В коронном замке тем временем шла гульба по всем правилам. И это, заметим, была только репетиция завтрашнего банкета. Звучала музыка, к которой больше всего подходило название «фольклор», нестройный хор пел какую-то песню, кто-то орал дурным голосом: «Да я знаешь кто? Да я знаешь кого? Да меня знаешь как?», причем после каждого вопроса раздавались звуки ударов. Особый апокалиптический шик всей этой вакханалии придавал здорово подгулявший Флоси, орудовавший у огромной винной бочки эпических размеров черпаком. Его кто-то поставил сегодня на раздачу, он разливал вино. Вот я понимаю – сбылась мечта человека, и личная, и карьерная. Вот это взлет. Вчера туалеты чистишь, сегодня – вино в королевском замке разливаешь. Позавидовать можно.
Чуть поодаль занимались своим любимым делом наши гномы. Они боролись, собрав вокруг себя немало зрителей. Между ними сновал наш казначей Ромул, громко выкрикивавший ставки и собиравший деньги.
Все были довольны, все были при деле, день задался. На этой бравурной ноте я с чистой совестью вышел из игры.
– Сломалась, что ли? – Вика, которая, судя по всему, недавно только проснулась, с недоверием посмотрела на нейрованну. – Не сам же ты вылез оттуда так быстро?
– Чой-та? – я бодро выбрался из чуда техники. – Да запросто. Я там бегаю, бегаю, а потом думаю – выходной же. Чего я его на эту нарисованную реальность трачу, стоит ли оно того? А ведь меня тут, в настоящем мире, ждет самая красивая женщина во Вселенной.
– Если ты задумал какую-нибудь аферу, то имей в виду – я закон чту и уважаю, – сдвинув брови, предупредила меня Вика, засмеялась, когда я, нырнув под одеяло пощекотал ее, а после, вздохнув, призналась: – Но при этом меня так легко уговорить, сбить с верного пути. Я же – женщина.
Э-э-э-э, милая. Поздно спохватилась, подобное надо было излагать в ту веселую ночь, когда ты меня пьяненького на машине из редакции везла. Хотя – и тогда в этом смысла не было бы. Я все одно ту ночь не помню.
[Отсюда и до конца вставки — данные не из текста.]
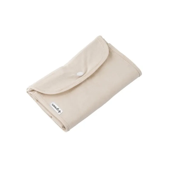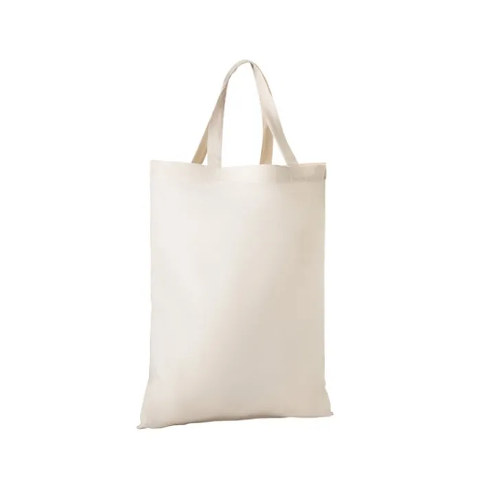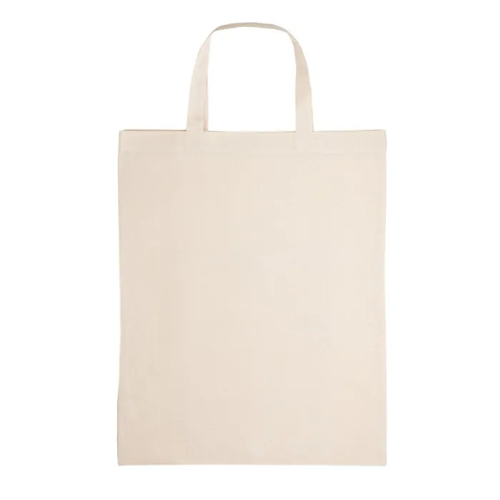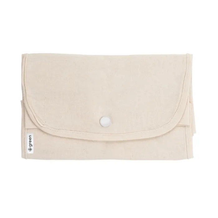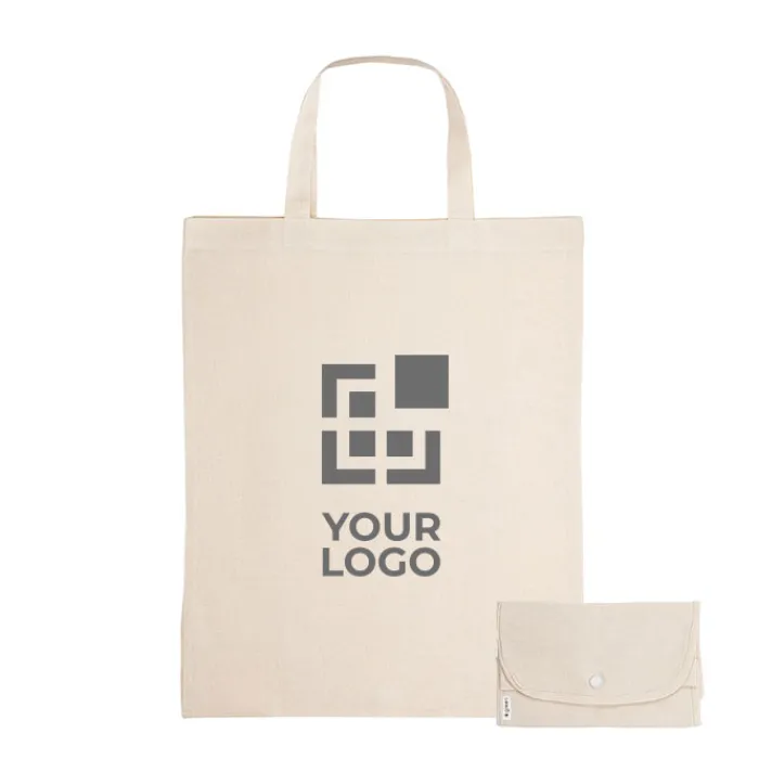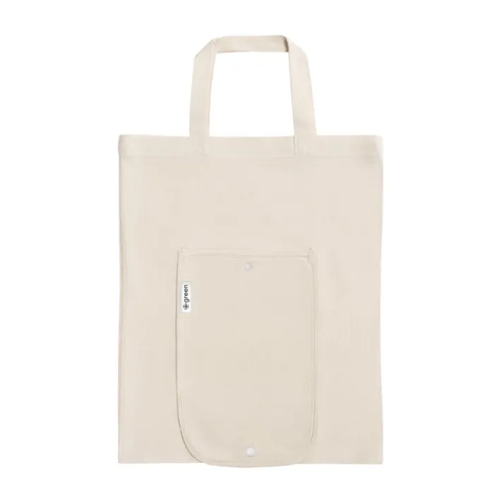 Shopper pieghevole color naturale (140 g/ m²) in cotone (50%) e cotone riciclato (30%) con manici di 38 cm.

Всегда поражался тому факту, что время – самая странная штука на свете. Оно способно растягиваться и сокращаться, оставаясь при этом неизменным. Фраза кривенькая, но тем не менее – это так. Вот сегодня – вроде столько всего уже было, а на часах все еще утро. Позднее – но утро. То есть – сколько всего успел за такой короткий отрезок. А бывают дни, когда вроде и не делал ничего, при этом за окнами уже стемнело, и вспомнить нечего, впустую часы и минуты пролетели, осталось только ощущение бесполезности личного бытия.
– На улице солнышко, – сообщила мне Вика, встав с кровати и подходя к окну. – Денек-то славный какой, прямо загляденье.
– Хочешь куда-то поехать? – уточнил я у нее, потягиваясь. – Ты сразу конструктивные предложения давай, издалека не заходи.